So your approach is similar to this one? Doesn't this version make it difficult to add and remove components at runtime? If your entire system is based on these archetypes, I can't imagine it being particularly tolerant of adding and removing data. That's a pretty big advantage to lose. And if entities share common functionality but are in different archetype groups, you would need to iterate on each group separately, which seems a little bit silly. Also, if multiple systems were to require access to the transform component, you would need to reference it by pointer anyway so that your data is accessed correctly, which is what I would have to do in my version anyway.

The relational database like system I have here handles these cases a bit more elegantly as far as I can see. If I need to add or remove functionality, I can add or remove components by just accessing a single table without having to shuffle around anything else. Yes I may have additional lookups to do, but entities with a component signature that match a system's needs will be operated on without hassle. Although I am not primarily concerned with multi-core performance at the moment, I can also easily divvy entities up for processing.

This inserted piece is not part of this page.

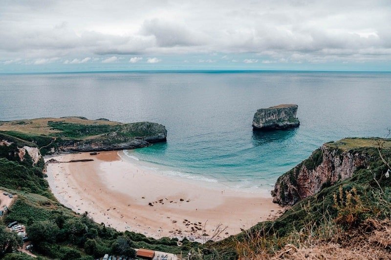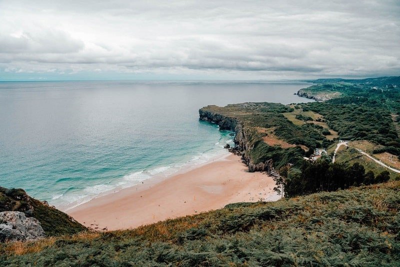 La siguiente playa que queremos ver es la Playa de Cobijero, en el pequeño pueblo de Buelna. Esta playa es especial porque es una playa interior, pero depende de como esté la marea, podrás verla con agua o no. Esta playa es bonita en pleamar. En Asturias influye mucho el tema de las mareas, según haya bajamar o pleamar. Te aconsejamos consultar antes como está la marea según lo que quieras visitar. Nosotros fuimos a medio día y no había agua. Pero nos coincidió con ese horario. Aun así, estuvimos dando un paseo por los acantilados de Buelna, camino a la Playa de Cobijero, que son una maravilla.
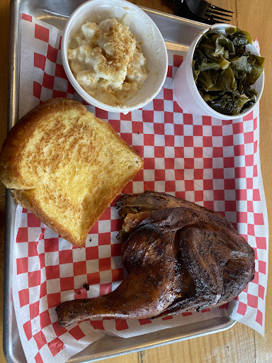 This was definitely a good spot in Helen GA. I ordered the half chicken with Texas toast. Collards, and Mac n cheese. The Mac n cheese was almost perfect (4.8/5) The breadcrumbs did not add anything to them. It just gave it an odd texture. (Fix that) The collards were good (3.5/5) they need a bit more flavoring. I recommend cooking them with turkey neck. It will bring out lots of flavor that it was missing. Texas toast. Well it was toast. (5/5) Smoked chicken was very good (4.5/5) You can definitely taste flavor and the skin was delicious. Most of the meat stayed nice and juicy. However the breast portion was VERY dry. I recommend basting the breast portion once or twice extra with some butter when smoking it so that it doesnât come out nearly as dry. Now for the BBQ Sauces Mustard based: tasted like Dijon mustard from the bottle. Iâm from South Carolina and was hoping for a good Carolina gold bbq sauce. Sweet: best one. No notes. Keep it as is. Hot: no notes. Keep as is. Ranch bbq sauce: throw that out. Tasted like mayo with bad bbq sauce. Donât serve nasty sauces like that. This was the nastiest sauce. Inedible.

That's just my take. I am more than willing to have my perspective changed, though.

Sorry for taking so long to get back to you guys; real life got in the way.

Adding and removing components is quite important in my case, as I intend to use them to implement character states and status effects. Ad-hoc scripts feels like a band-aid solution in comparison to the system I have now.

Speaking of the system I have now, I have found a way to store the different component types in the World; I went all-in on template metaprogramming and implemented a type list, I template the world class based on this type list's contents and store a tuple. All the component tables are in one place, they have the same access speed as though they were members of the World class (which is how I implemented it before), and thanks to using C++17 I can access the elements of the tuple by type, making it quite easy to use! And if I want to apply an operation to all tables (for example removing dead entities), I can just use std::apply. Compile times are probably going to get rough, but I knew that going in.

Here's the code for interested parties:

template<typename...> struct list_register;

template<template<typename...> class List, typename T>
struct list_register<List<void>, T> {
	typedef List<T> type;
};

template<template<typename...> class List, typename T, typename... Types>
struct list_register<List<Types...>, T> {
	typedef List<Types..., T> type;
};

template<class... Types>
struct type_list { typedef World_Templated<Types...> worldType; };

template<>
struct type_list<void> {};

#define REGISTERED_COMPONENTS type_list<void>
  
//example of registering a class to the list
typedef typename list_register<REGISTERED_COMPONENTS, TransformComponentTable>::type updated_list;
#undef REGISTERED_COMPONENTS
#define REGISTERED_COMPONENTS updated_list
  
//example of constructing the world with all registered tables
REGISTERED_COMPONENTS::worldType testWorld;

//very basic World class that just shows that the tables are contained in the tuple as desired, I plan on adding more functionality later
//but this is for demonstration purposes
template<typename... RegisteredComponentTables>
class World_Templated {

public:

	World_Templated() {};

	~World_Templated() {};

private:

	std::tuple<RegisteredComponentTables...> tables;

};

As you can see, it uses a macro. Not a huge fan, but it works. If anyone else has a better implementation of a type list I can register to, I'd love to know. Or if you have any more comments on the ECS design I'm working with in general.

I've been dragging my feet on implementing my change since it's a rather large refactoring, so an issue has only just now become apparent. My component tables are defined in separate header files. Since I'm attempting to use a macro to hold the necessary data types for the world template, it is vitally important that all classes I intend to register are so before the first actual use of the macro. Is it possible to enforce some sort of order on macro expansion so that all the types are registered before I need it? Is there another means of handing the registration without the use of a macro? Or is what I'm hoping to do impossible?

To be more clear, I mean is it possible without just including all my component table files in the World file? That would (theoretically) force all the component tables to be compiled first, thus the macro correctly redefined. However, it would be really nice if there were another way to control how that macro were expanded so that I wouldn't need to add those includes at all; less to write and the world would be more easily modified. Not to mention a potentially giant list of includes just looks very imposing.